New Approaches to the Study of Biblical Interpretation in Judaism of the Second Temple Period and in Early Christianity

New Approaches to the Study of Biblical Interpretation in Judaism of the Second Temple Period and in Early Christianity
Author :
Publisher : BRILL
Total Pages : 316
Release :
ISBN-10 : 9789004245006
ISBN-13 : 9004245006
Rating : 4/5 (06 Downloads)

Synopsis New Approaches to the Study of Biblical Interpretation in Judaism of the Second Temple Period and in Early Christianity by : Gary A. Anderson

2007 marked the 60th anniversary of the discovery of the first Dead Sea Scrolls.

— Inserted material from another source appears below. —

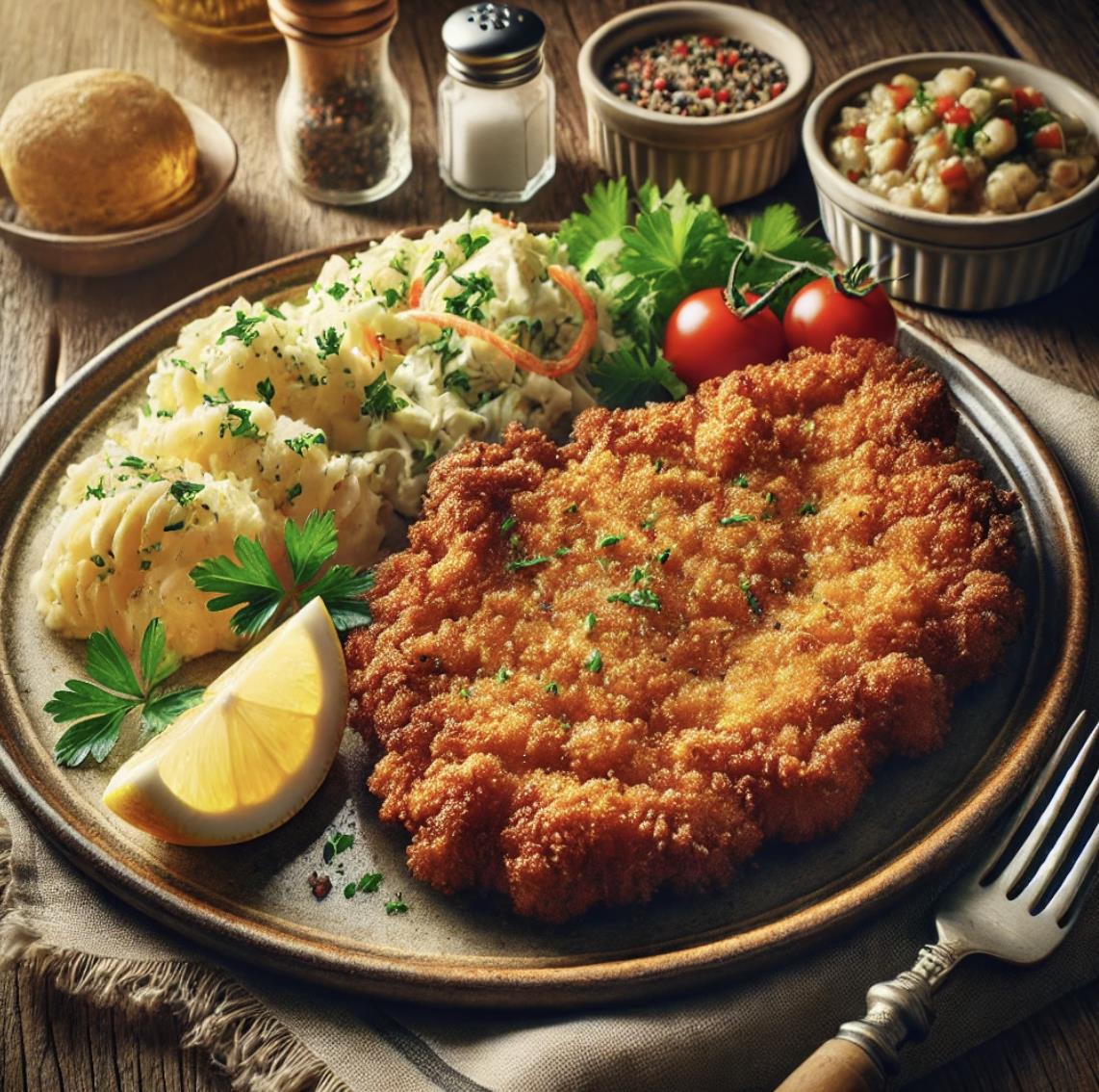 paniertem Hühnerfleisch, Salat, Tomaten, Zwiebel, Dressing, Pizzastangerl

The 11th International Orion Symposium (January, 2007), “New Approaches to the Study of Biblical Interpretation in the Second Temple Period and in Early Christianity,” provided a measure of the ways in which the discovery of the scrolls has altered the paradigms for textual and historical studies in the intervening six decades. The papers in this volume address such issues as the connections and distinctions between Jewish interpretation within the Land of Israel and outside of it; between Jewish and Christian exegesis in earlier and later periods; between biblical interpretation in literature and in art; between interpretation and the formation of the biblical canon.